Безумие — один из хрестоматийных сюжетов мировой культуры, современным искусством отнюдь не открытый и даже не то чтобы радикально переосмысленный. Заглавие написанной в первой половине позапрошлого столетия повести Николая Гоголя, в сущности, с легкостью можно было приспособить к выставкам с самым непредсказуемым набором участников. Так что вполне звездный состав международного, что все еще редкость для галерейной выставочной практики, проекта «Риджины» воспринимается естественно. В  конце концов у всякого безумия есть своя логика, и именно логика безумия кажется наиболее уместной в попытках объединить, например, Трейси Эмин с Константином Звездочетовым.

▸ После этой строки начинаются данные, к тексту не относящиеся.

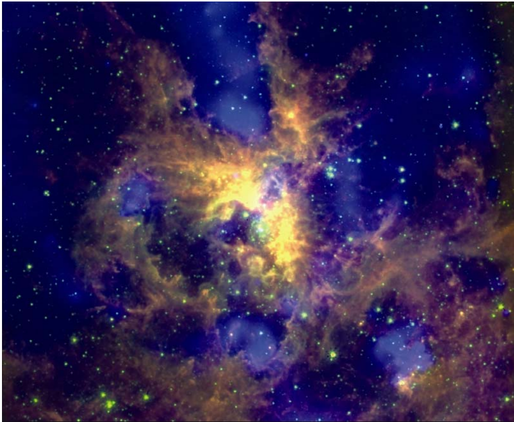
Figure 3: The central 200pc of 30 Doradus as imaged by Chandra ACIS (blue: 500-700eV) and Spitzer IRAC (green: 3.2-4.0 \mu\text{m} , red: 6.5-9.4 \mu\text{m} ) (Brandl et al. 2005).

Пресс-релиз выставки мотивирует отсылку к Гоголю тем, что выставка, как и повесть,  — горячечный протест против безумия самого мира. И правда, при желании в некоторых экспонатах можно найти столь популярные ныне социально-критические интенции. Например, Павел Пепперштейн, вообще-то склонный к экспериментированию с самыми разными аспектами «ненормативного» сознания, представлен по-детски идиллической акварелью с морским пейзажем — однако большую часть его рисунка занимает подпись, гласящая: «Нравится этот рисунок? Хочешь купить? А деньги у тебя откуда? Если ты кого-нибудь обманул, жестоко обошелся, ограбил простодушных добрых людей, то лучше забудь об этом рисунке». Впрочем, буквы, из которых складывается эта гневная отповедь, все равно радужно цветные и старательные, как на детском рисунке.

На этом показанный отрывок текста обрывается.